COLLECTED DATA:

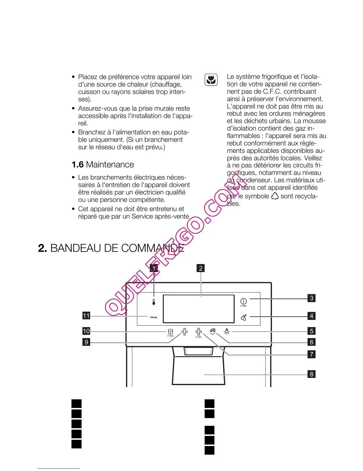 • Cet appareil ne doit être entretenu et
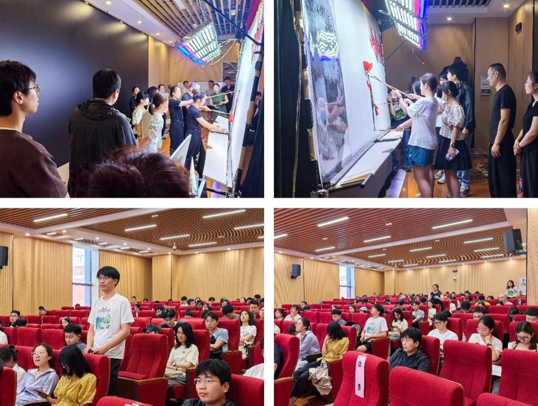 在展演环节,薛宏权老师团队为交大师生表演了皮影剧目《老鼠偷油》,表演诙谐生动、耐人寻味,生动展现了老鼠与两只猫的形象;第二场剧目《白毛女》表现了杨白劳与喜儿的父女亲情,表演结束后老师现场指导学生来到幕后体验皮影表演;第三场剧目《复活的迈克》展示了已故国际巨星迈克尔杰克逊的舞台风采;第四场剧目《丝路风》展现了大漠驼铃、敦煌飞天、长河落日,光影变幻美轮美奂;第五场剧目《惩恶扬善小哪吒》展现了哪吒与龙王的打斗场面,法宝变化、动作交替十分优美。
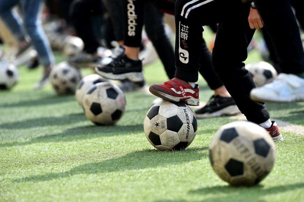↑這是學生們在球場上進行足球訓練(4月18日攝)。新華社記者詹彥攝
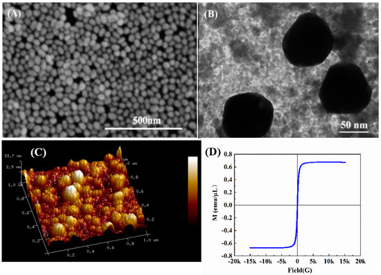 Figure 2. (A) SEM image of ITO/Au. (B) TEM image of Fe3O4@Au. (C) Three−dimensional AFM image of ITO/Au. (D) Hysteresis loop of Fe3O4@Au.

EXERCISE DESCRIPTION:
Would you provide an exact, picture-free copy of the data above?

ANSWER BOX:
 • Cet appareil ne doit être entretenu et
 在展演环节,薛宏权老师团队为交大师生表演了皮影剧目《老鼠偷油》,表演诙谐生动、耐人寻味,生动展现了老鼠与两只猫的形象;第二场剧目《白毛女》表现了杨白劳与喜儿的父女亲情,表演结束后老师现场指导学生来到幕后体验皮影表演;第三场剧目《复活的迈克》展示了已故国际巨星迈克尔杰克逊的舞台风采;第四场剧目《丝路风》展现了大漠驼铃、敦煌飞天、长河落日,光影变幻美轮美奂;第五场剧目《惩恶扬善小哪吒》展现了哪吒与龙王的打斗场面,法宝变化、动作交替十分优美。
↑這是學生們在球場上進行足球訓練(4月18日攝)。新華社記者詹彥攝
 Figure 2. (A) SEM image of ITO/Au. (B) TEM image of Fe3O4@Au. (C) Three−dimensional AFM image of ITO/Au. (D) Hysteresis loop of Fe3O4@Au.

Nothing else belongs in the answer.